On Wednesday 2019-11-06 11:40 UTC Engineering team received a warning regarding FIND Cluster EMEA01. Immediately upon receiving the alert trouble shooting started and identified high JAVA Heap memory consumption and failing garbage collects. When this happens the cluster master evicts those nodes from the cluster and mark them as failed. The default behavior is then to re-distribute the data over the remaining nodes this caused the memory issue to be moved to another node and the same scenario replayed itself on the other nodes until no nodes where left in the cluster and a full cluster restart is initiated. Service was restored at 13:55 UTC on November 6th, 2019.

TIMELINE

November 6th, 2019

11:40 UTC – Warning alert triggered and acknowledged within 1 minute. Investigation initiated immediately on the specific alerting Find Cluster, EMEA01.

11:45 UTC – Series of node restarts due to high memory utilization and garbage collect failures as initial mitigation action.

13:29 UTC – Critical alert triggered.

13:30 UTC – Full cluster restart was initiated.

13:31 UTCSTATUSPAGE updated.

13:55 UTC – Service operational and critical alert resolved.

November 7th, 2019

16:49 UTC - Root cause identified and action plan initiated.

ANALYSIS

The cause of this incident was due to a synonym handling job suffering from a run-away scenario which resulted in resource starvation.

IMPACT

During the event requests to this FIND cluster would have seen network timeouts (5xx-errors) or slow response times when trying to connect.

CORRECTIVE MEASURES

Short-term mitigation

Engineering team performed node restarts to recover service as soon as possible.

Long term mitigation

This issue has been registered as a bug.

FINAL WORDS

We sincerely apologize for the impact to affected customers.
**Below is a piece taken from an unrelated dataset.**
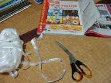 求人誌を十文字に縛ります。結び目は写真のようにカドの部分で結ぶと、しっかりと、きつく縛ることが出来ます。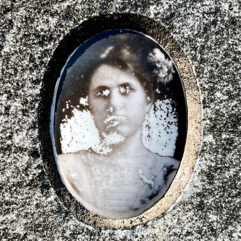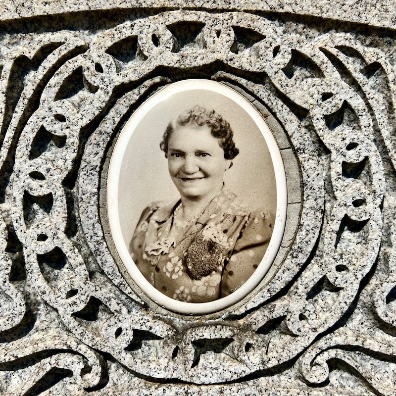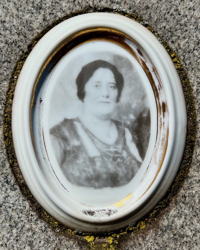 That something came in the form of a small black-and-white photograph, cast onto an oval-shaped ceramic disc and inset directly into one of the tower-like headstones. The posed portrait was of a middle-aged woman, “Mother” Antonija Komlenić, Victorian in both high-necked formal dress and dour, no-fun-allowed expression.

Customer experience is of high priority for us, and we have a strong commitment to delivering high availability for our services. We will do everything we can to learn from the event to avoid a recurrence in the future.

Posted Nov 26, 2019 - 14:12 UTC

Resolved
This incident has been resolved. An incident report will be provided as soon as the investigation into the root cause is completed.
Posted Nov 06, 2019 - 15:09 UTC
Monitoring
A fix has been implemented and we are monitoring the results.
Posted Nov 06, 2019 - 13:58 UTC
Identified
The issue has been identified and a fix is being implemented.
Posted Nov 06, 2019 - 13:37 UTC
Investigating
We are currently investigating an event that is impacting the functionality on the FIND service in the EU region (EMEA01). A subset of clients will be experiencing high latency or 5xx-errors.
Posted Nov 06, 2019 - 13:31 UTC